2- LB, where the rookies seem to be ready to shine. I still worry about Bruschi having lost a step- or two, but if I can't trust Belichick to not play sentimental favorites, then I can't trust anything at all. He wouldn't leave Bruschi out there if he really had a better option.

3- Rodney Harrison, however old he is. He can still play and will contribute as long as he can stay healthy.

4- Super Bowl hangover. This isn't going to be a Super Bowl loser that just falls apart. Belichick and Brady won't let it happen. They hated- hated- hated how the year ended and know they have to make up for it this year. This is a team that consistently plays to better it's historical legacy and the players and coaches know they're not done yet.

6 Comments:

Anonymous Anonymous said...

As a Pats hater and niners fan, I am so jealous of your linebacker additions via the draft.

Mayo and Crable are both studs that filled needs, will contribute right away and will contribute for years to come. Two big, physically gifted monsters to compliment a solid, but aging and physically limited linebacking corps.

Goddamit.

2:51 PM  
Blogger Shrecker said...

Did anybody else see Lynch putting his less than athletic late hits on every tackle when he was in the game against the Giants? It was like deju vu from an Eagles game with Brian Dawkins (except I think Dawkins does it because hes nuts and Lynch was doing it because hes been slow his whole career and now hes just unuseable).

You honestly aren't worried about a safety corps that could see Harrison and Lynch on the field at the same time? Harrison single handedly allowed David Tyree to make that absurd catch in the Superbowl. With a less than stellar CB unit how is the Pat's secondary not a major concern?

3:55 PM  
Anonymous Anonymous said...

Yeah, I'd have to agree the DBs are a huge concern and the wide outs are not in the slightest bit.

First to the wide outs. This team got by for years with Troy Brown, Deion Branch, Givens and an array of mediocre to above average guys as starters. You now have Randy Moss and Wes Welker, with a proven third in Gaffney and a fourth spot be competed for by Washington, Slater and Jackson. This position is more stacked than it was for any of their superbowl teams and its not even close.


DBs. Your superbowls were won with Ty Law, Lawyer Milloy, Samuel, even Eugene Wilson.

Today you've got who? Hobbs, Sanders, an ever aging Harrison and Bryant?
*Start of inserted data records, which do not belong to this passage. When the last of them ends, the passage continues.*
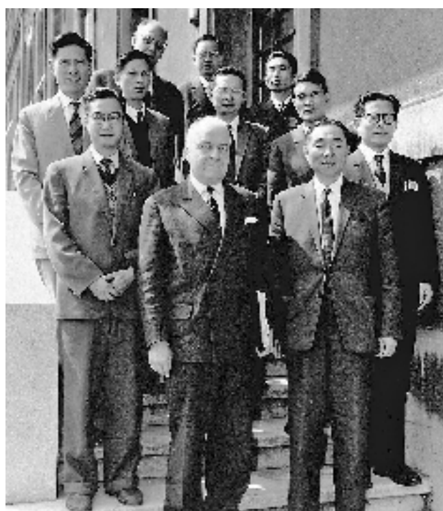
上图:1964年6月,江泽民同志(二排右一)在法国艾克斯莱班出席国际电工委员会会议期间与会代表合影。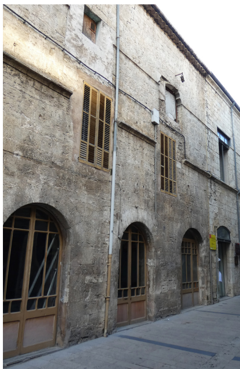
Figura 7. El casal medieval de la família Sant Romà, situat al carrer Major, és un dels exemples de residència nobiliària millor conservats de la vila. A inicis del segle XX l'edifici era propietat de la família benestant Cambó.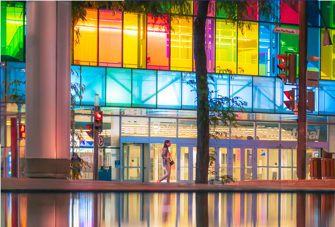
→ Entrée du Palais des congrès de Montréal.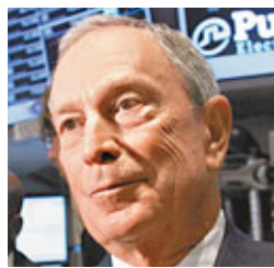
■ 彭博公開撐奧巴馬，可能只是為增加曝光率。

美國紐約市長彭博及英國財經雜誌《經濟學人》前日不約而同表示，雖然總統奧巴馬過去4年政績不算出色，但與共和黨候選人羅姆尼相比，仍是較可取之選擇。彭博的表態對奧巴馬無疑是一支強心針，但未必能為奧巴馬爭到大量游離票，也有媒體質疑彭博只是希望透過公開挺奧巴馬，增加個人曝光率，為明年市長任期屆滿後的個人政途鋪路。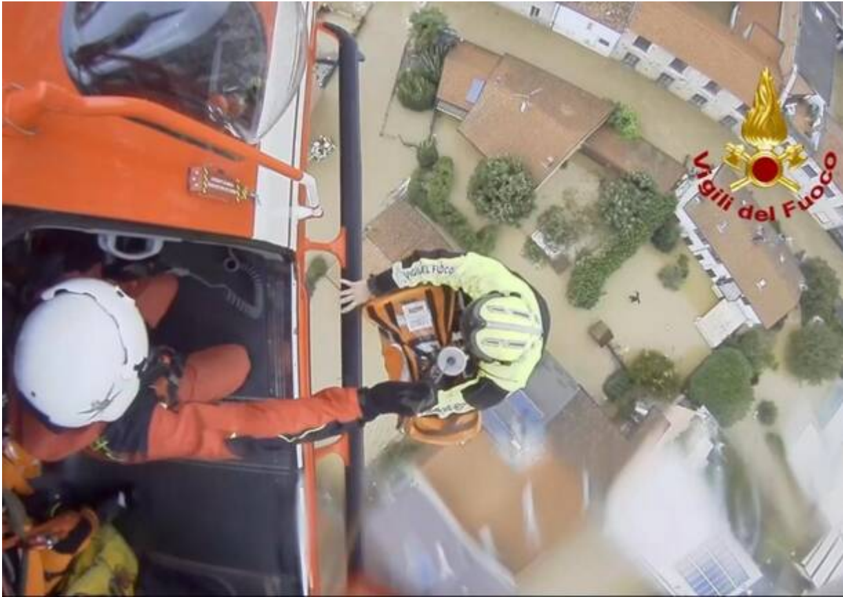
Soccorsi sopra la Brianza allagata, a Lentate sul Seveso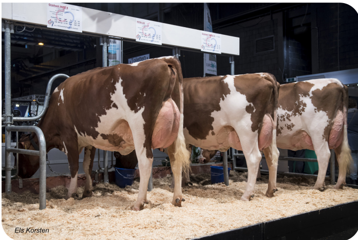
Dochtergroep Lady Lover Gorinchem 2016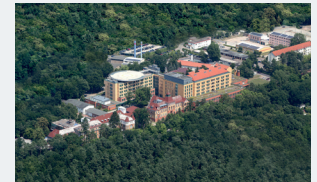
Werner Forßmann Krankenhaus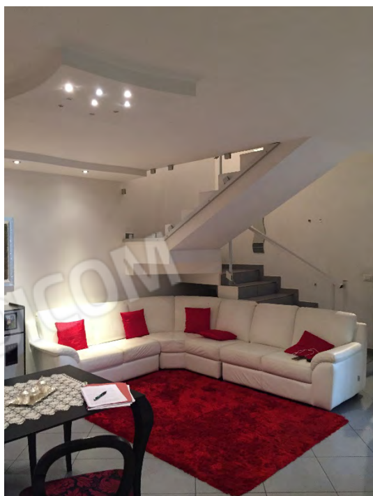
SOGGIORNO CON SCALA DI COLLEGAMENTO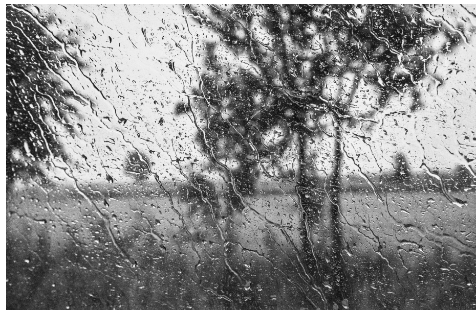
Nostalgia | 2013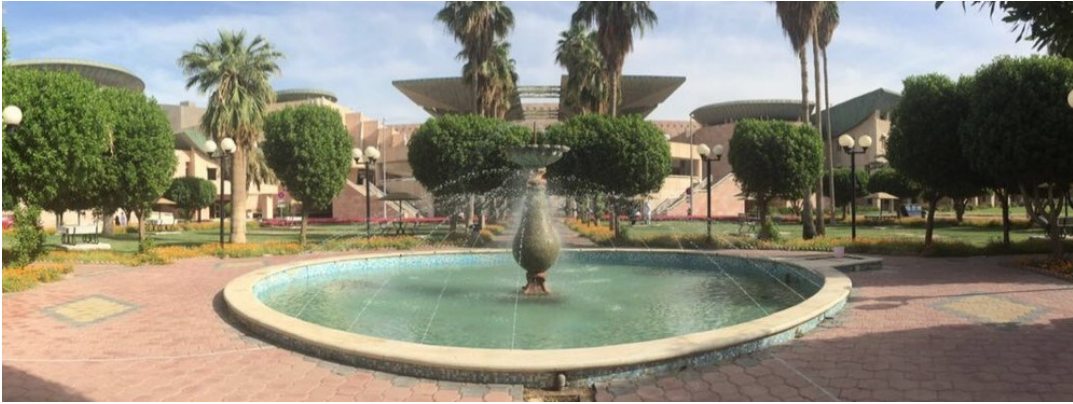
(شكل ١١) الإهتمام بإنشاء حدائق بالمرافق التعليمية العامة للدولة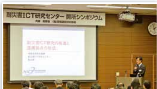
耐災害ICT研究センター開所シンポジウム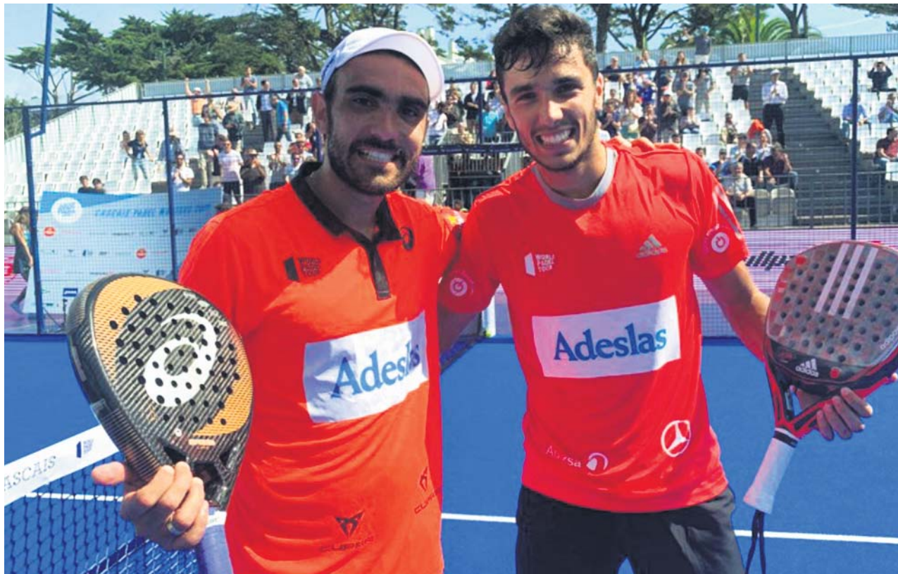
Pablo Lima (izquierda) y Alejandro Galán (derecha) tras su victoria en Cascais.

Bro, your offense is gonna move the ball through the air and on the ground. You've got studs on the outside with Moss and in the slot with welker, a few solid tight ends and backs that catch the ball. Gaffney as a 3 is not a concern. Every single one of your dbacks is a concern and you guys could be very vulnerable through the air. Maybe this is the year where Pats fans finally realize how good Asante Samuel really was.

10:20 AM  
Anonymous Anonymous said...

Here's a great piece to put Obama's government "job creation" agenda in context. Sure you're already aware of all the material, its nothing new, but might provide a talking point for you.

JOBS CREATION AND GOVERNMENT POLICY
Jerry L. Jordan


Before the Great Depression of the 1930s, the notion that government ought to be responsible for creating jobs would have seemed absurd. Today, however, we commonly hear aspiring politicians declare that their number-one economic objective would be to increase employment.
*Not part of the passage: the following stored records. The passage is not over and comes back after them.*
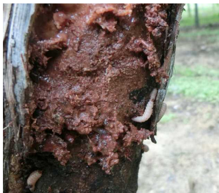
図-3 クビアカスカシバ幼虫による食入被害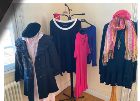
Delar av Gunilla Ponténs kollektion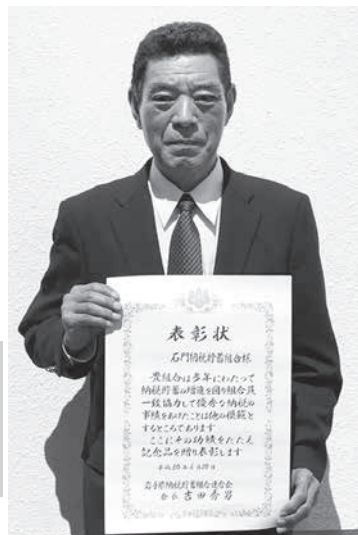
石門納税貯蓄組合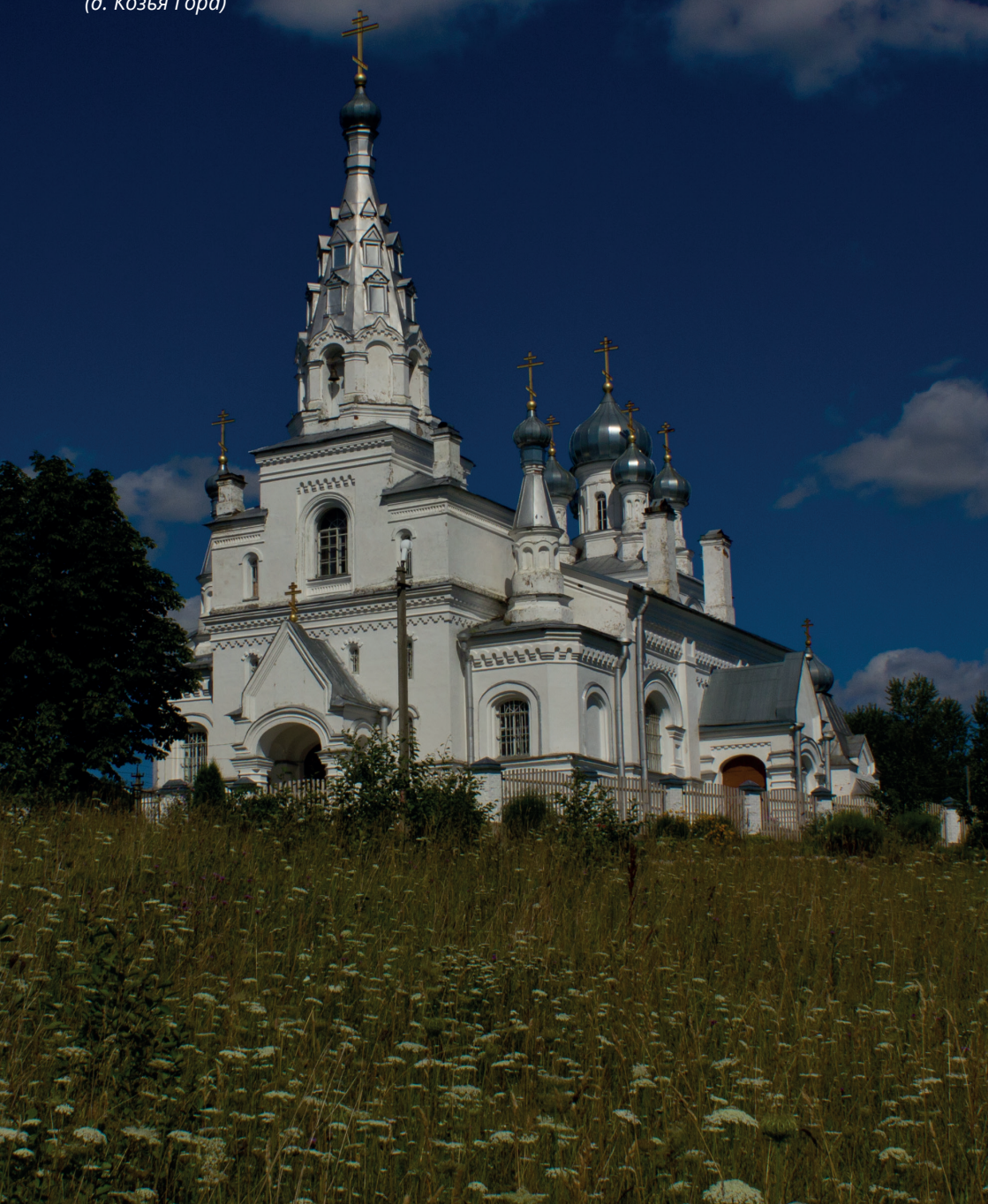
Церковь Покрова Пресвятой Богородицы (д. Козья Гора)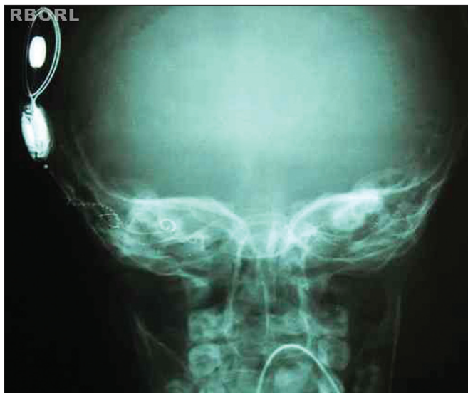
Figura 4. Resultado radiológico esperado (AP Transorbitária).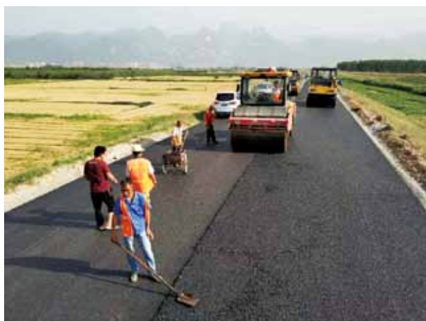
2018 年，华阴市农村公路路面施工现场（武迪）

【公路养护管理】 合阳县被评定为“四好农村路”国家级示范县，由渭南市公路处牵头并以市政府名义起草加快四好农村路建设意见，推广大荔、合阳创建经验；实施“油返砂”项目 1771 公里，创建美丽乡村公路 160 公里；农村养护工程完成投资 2.1 亿元，实施一批养护、大中修、安全生命防护、危桥改造、通村公路完善工程；干线公路完成大中修 25.3 公里，完成计划投资 7000.56 万元；组织各县全面实施全市道路绿化提升工程，截至 2018 年年底完成道路绿化 2990 公里，完成投资 15 亿元。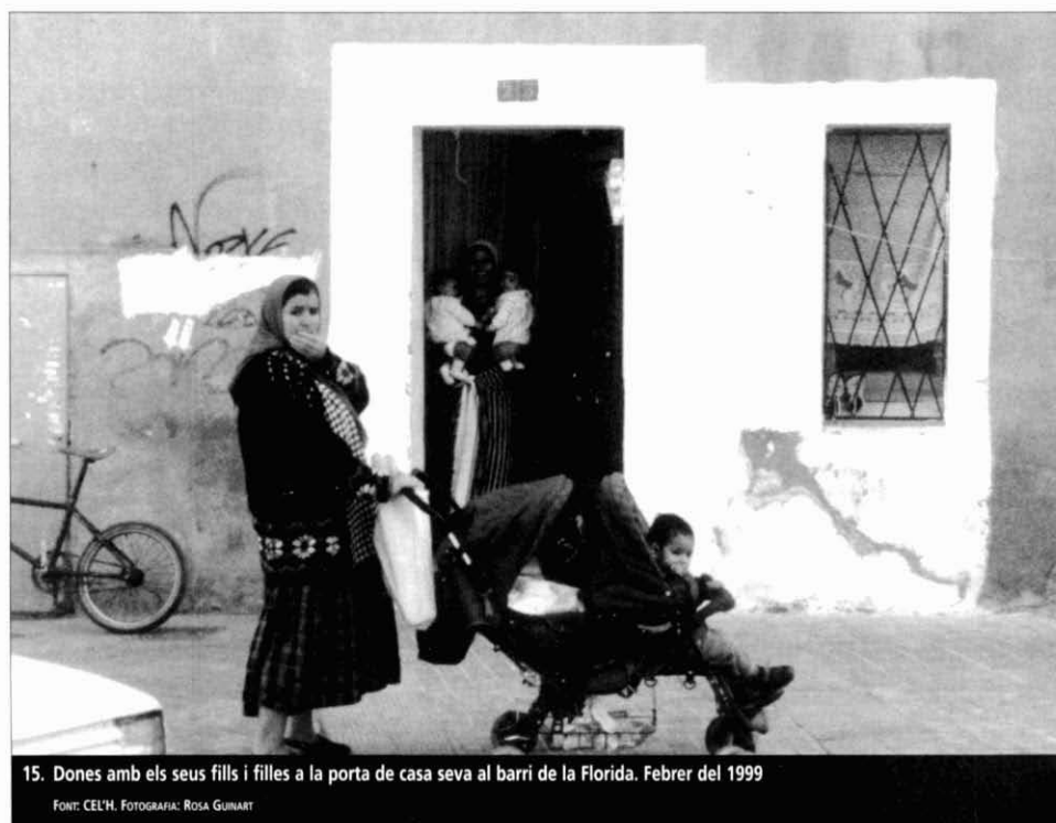
15. Dones amb els seus fills i filles a la porta de casa seva al barri de la Florida. Febrer del 1999

The intellectual justification for gearing government budgetary and monetary policies toward fine-tuning the economy (and, in particular, toward generating more employment) was provided by John Maynard Keynes (1936) in The General Theory of Employment, Interest, and Money. This landmark book laid the cornerstone for the economic doctrine that dominated macroeconomic policies for several decades following World War II. Indeed, since the mid-1930s, the dominant view of economic policymakers has been that a competitive marketplace will fail to generate adequate employment opportunities. This view underlies the advocacy of government programs to "create jobs."

I am reminded of a story that a businessman told me a few years ago. While touring China, he came upon a team of nearly 100 workers building an earthen dam with shovels. The businessman commented to a local official that, with an earth-moving machine, a single worker could create the dam in an afternoon. The official's curious response was, "Yes, but think of all the unemployment that would create." "Oh," said the businessman, "I thought you were building a dam. If it's jobs you want to create, then take away their shovels and give them spoons!"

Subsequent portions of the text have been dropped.